The recently discovered reversibly switchable FPs (RSFPs) are a further powerful class of FPs for cell biology and beyond. Other than the photoactivatable FPs, RSFPs may be repeatedly and reversibly switched by irradiation between a fluorescent and a nonfluorescent state. Hence they exhibit unique advantages for protein tracking applications, subdiffraction microscopy, and several novel applications that had not been addressable previously (8–13). Dronpa (14) and asFP595 (asulCP, asCP) (15) are the most prominent RSFPs. Like all FPs, they exhibit a GFP-like fold, namely a β-barrel enclosing an α-helix containing the autocatalytically formed chromophore. Because of its low quantum yield, the tetrameric asFP595 is only of limited use for cell biology applications, whereas Dronpa has been successfully used for several protein tracking studies (14, 16, 17). Dronpa is monomeric, displays favorable switching properties, and shows bright fluorescence with a remarkable fluorescence quantum yield of 0.85. Furthermore, several new Dronpa variants with accelerated switching kinetics have been described (18).

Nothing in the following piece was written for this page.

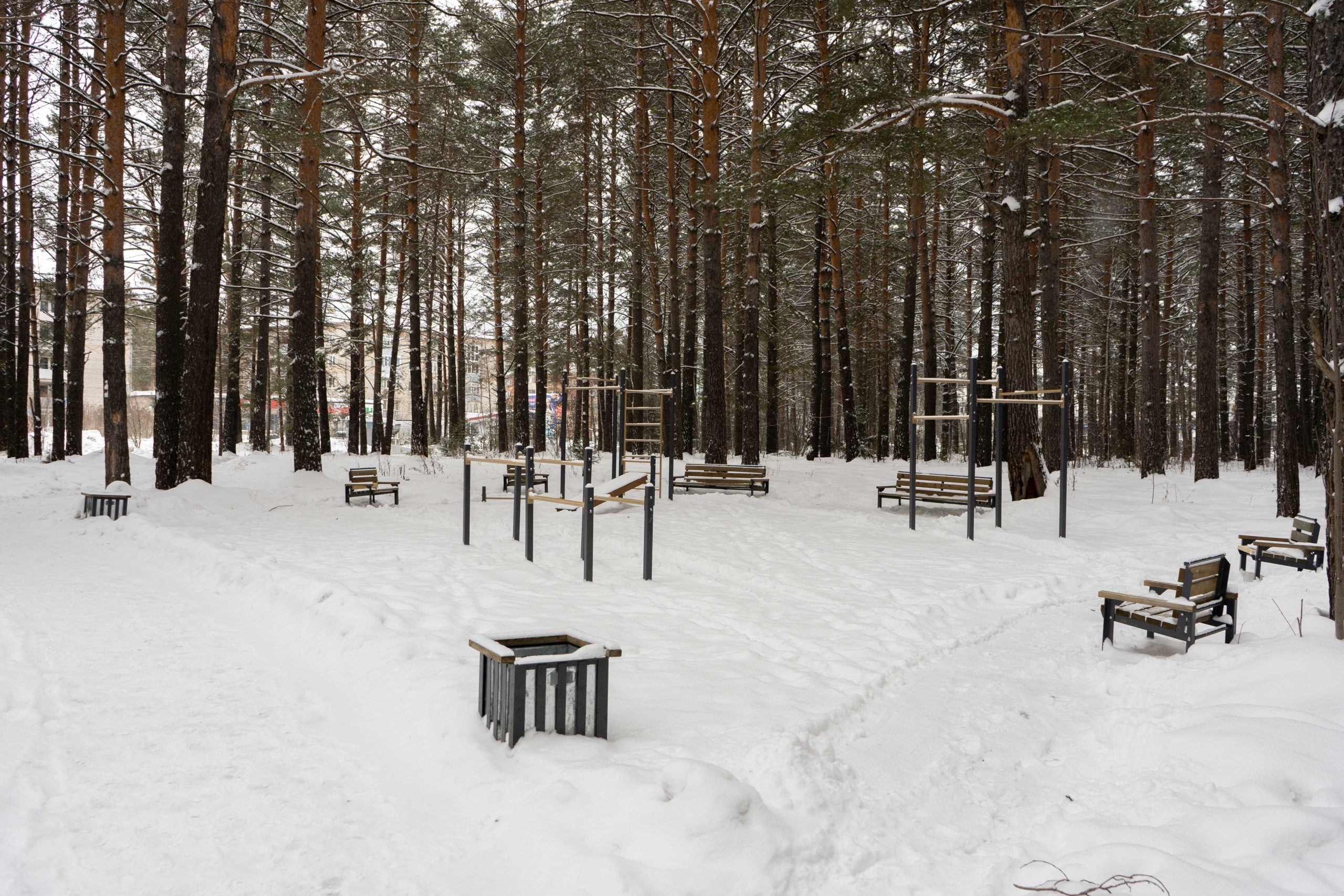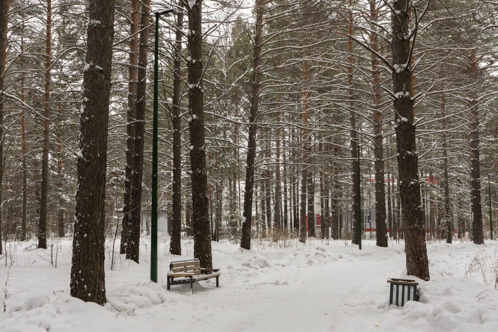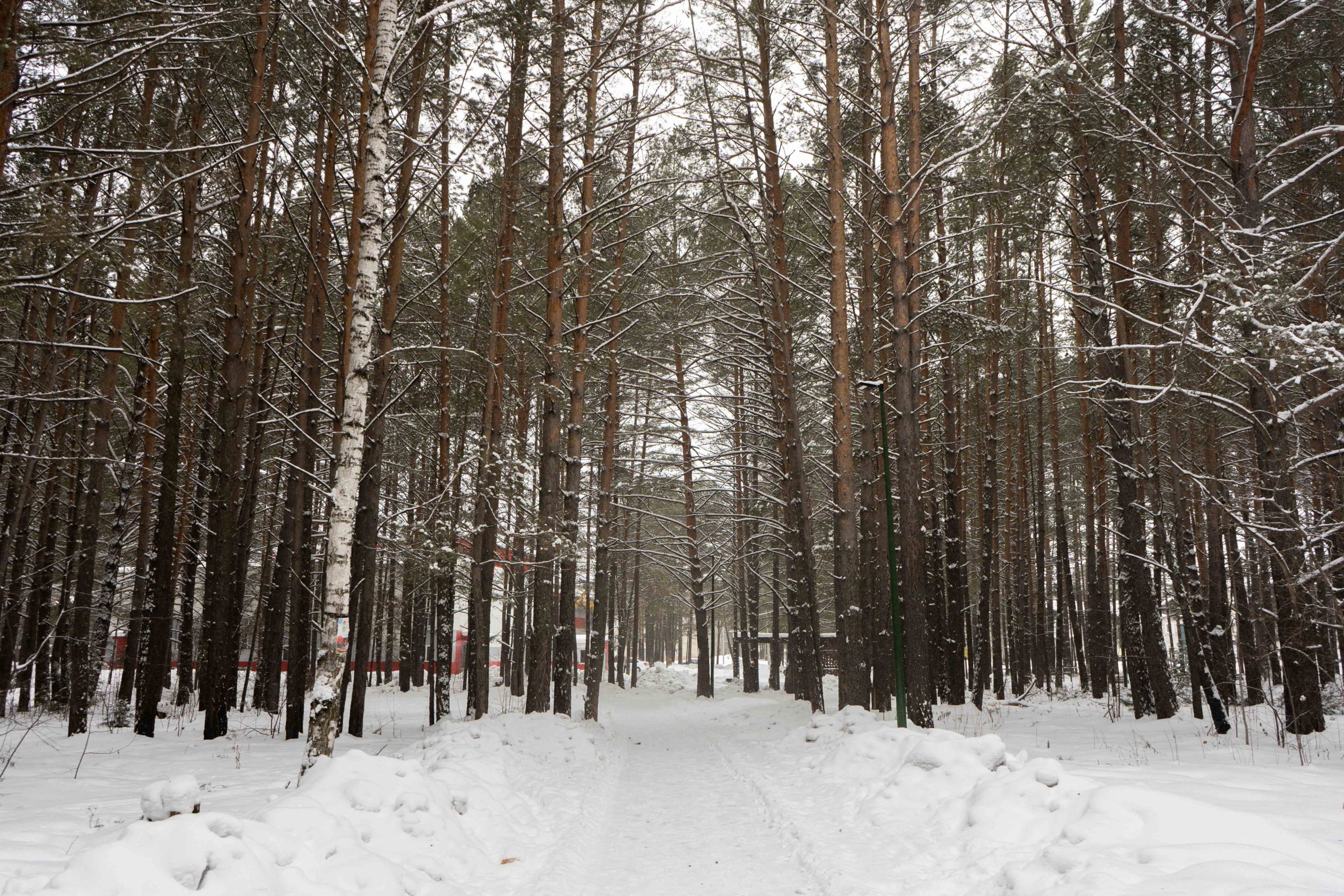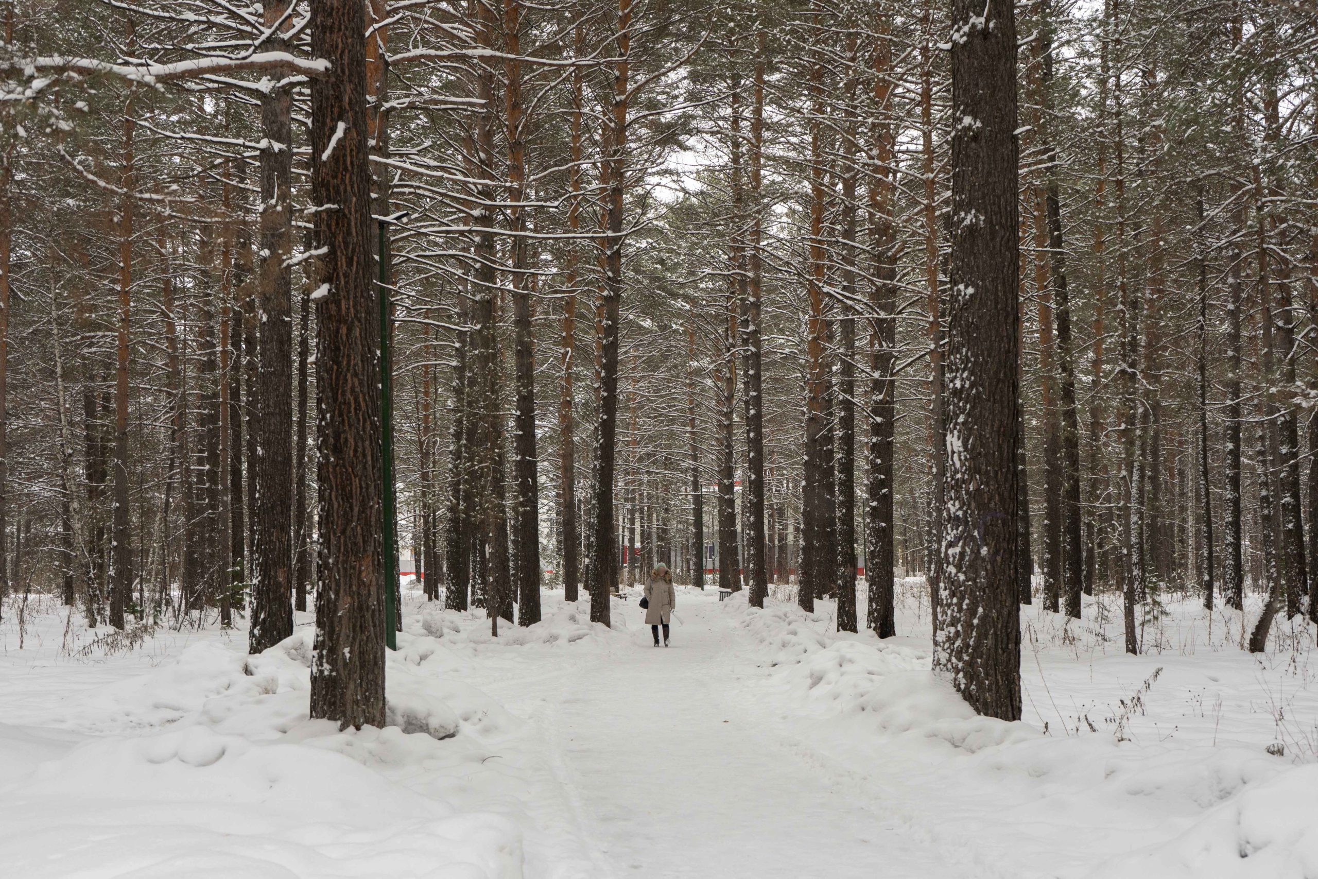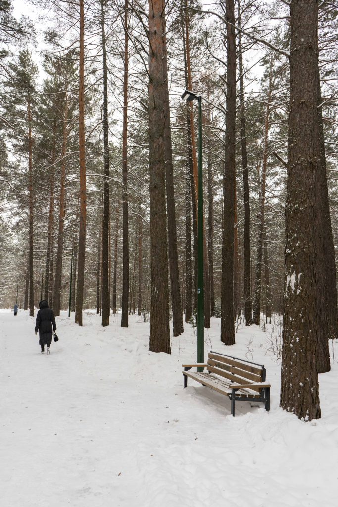 В центральном парке города Лесосибирска плотно растут взрослые сосны. Тут есть пешеходные тропинки, небольшое благоустройство с детской площадкой, скамейками урнами. Дорожки местами асфальтированные но по больше части гравийные. В северной границе парка находится кинотеатр «Луч». Размеры парка около 550x350 м.

Despite its tremendous potential for many applications, little is known about the molecular basis of the switching in Dronpa. Thus far competing models discussing either the light-driven regulation of the chromophoric protonation state by the surrounding protein matrix (19, 20) or postulating a cis–trans isomerization of the chromophore indirectly determining its own protonation state (18) have been suggested.

To unravel this problem we generated Dronpa protein crystals that were reversibly switchable with visible light at ambient conditions. After switching the whole Dronpa crystals we determined its thus far elusive off-state structure by x-ray crystallography. We found that the primary event of the switching is a light-activated cis–trans isomerization of the chromophore together with a cascade of residue rearrangements. Because the electrostatic surface potentials in the chromophoric cis and trans cavities differ substantially, we postulate that the local protein environments in both positions determine different protonation equilibria of the chromophore, which is crucial for its ability to fluoresce.

Results

Reversibly Switchable Dronpa Protein Crystals.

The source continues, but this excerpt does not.